Abstract

Surfactant therapy has been proven effective in the prevention and treatment of respiratory distress syndrome. Over 6,000 infants have been studied in randomized controlled trials. These studies have demonstrated that both prophylactic administration of surfactant and administration of surfactant to premature infants with established respiratory distress syndrome will decrease the risk of pneumothorax and decrease the risk of mortality. Currently, over 50% of very low birth weight infants in North America receive some sort of surfactant preparation. However, many questions remain regarding optimal usage of surfactant preparations. Recent randomized controlled trials have evaluated issues regarding surfactant dosage, treatment strategy, method of administration, and surfactant preparation. Initial doses in the range of 100-200 mg/kg with repeat doses to selected infants who relapse appears to be the best approach to therapy. Prophylactic surfactant therapy leads to a small but statistically significant reduction in the risk of pneumothorax and mortality. The clinical relevance of these advantages and the cost effectiveness of this care remains under debate. A variety of methods of administration have been used in randomized controlled trials. Trials which compare these methods of administration demonstrate the adequacy of currently tested bolus administration. However, other methods of administration, such as slow infusion of surfactant leads to uneven distribution of surfactant and poor response. Both synthetic surfactants and natural surfactant extracts have been proven effective in the care of these infants.
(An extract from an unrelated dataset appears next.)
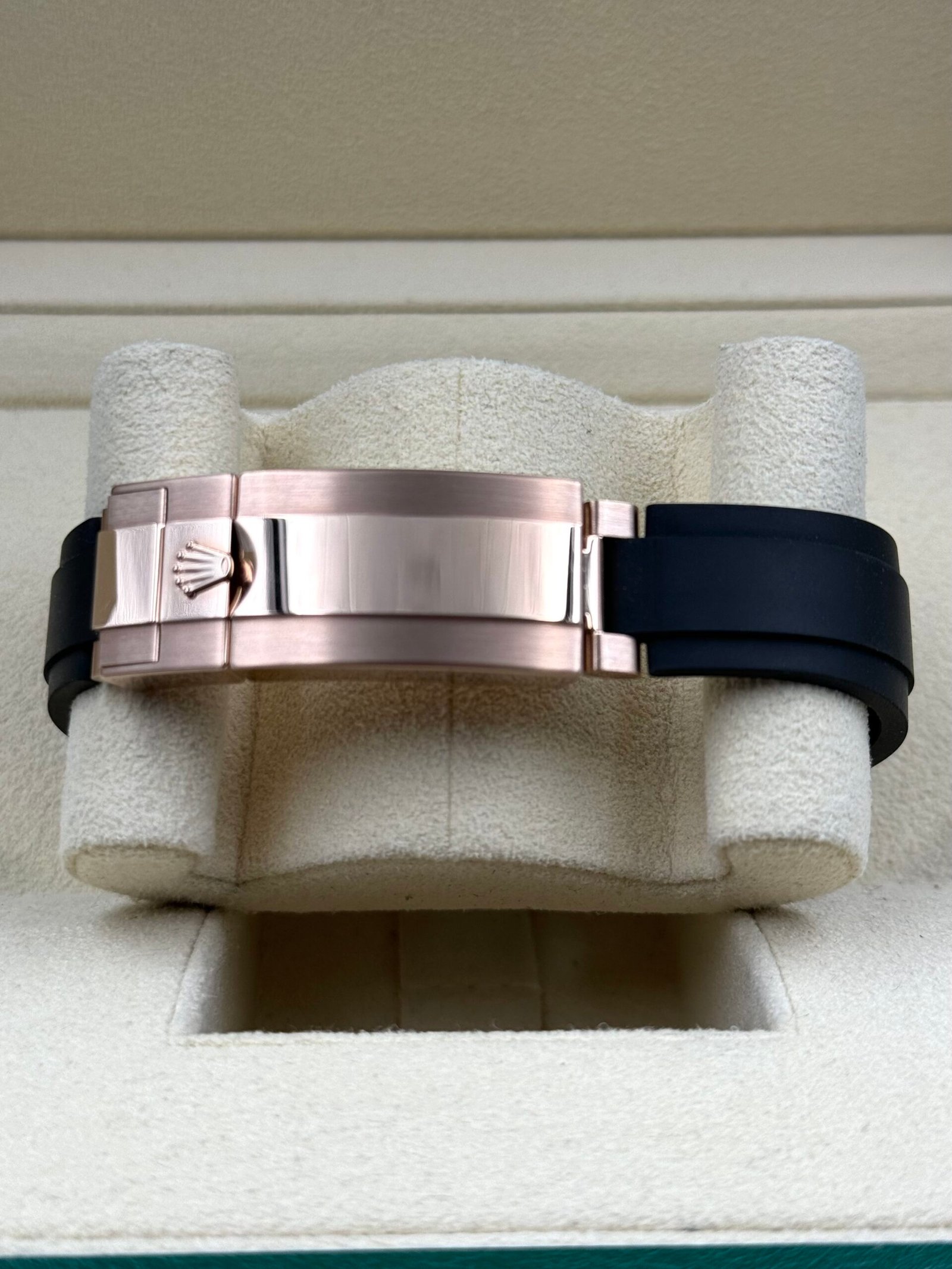 Paired with a luxurious sundust Oysterflex bracelet, the Daytona 126515LN combines the look of a rubber strap with the resilience of metal, thanks to its flexible titanium-nickel alloy interior. The Everose gold Oysterlock clasp and Glidelock extension system provide a secure fit and added comfort.

However, randomized controlled trials which directly compare these two preparations demonstrate a small advantage to the use of natural surfactant extracts. Natural surfactant extracts improve initial ventilatory status and decrease the risk of pneumothorax. Surfactant replacement therapy has proven to be effective in the treatment of very low birth weight premature infants. Current clinical trials support the early institution of treatment either prophylactically or as soon as possible in intubated babies with signs of respiratory distress syndrome. Repeat treatment may be important in optimizing outcome due to surfactant inactivation. Currently available natural surfactant extracts improve early clinical outcome and decrease pneumothorax compared to the available synthetic preparations.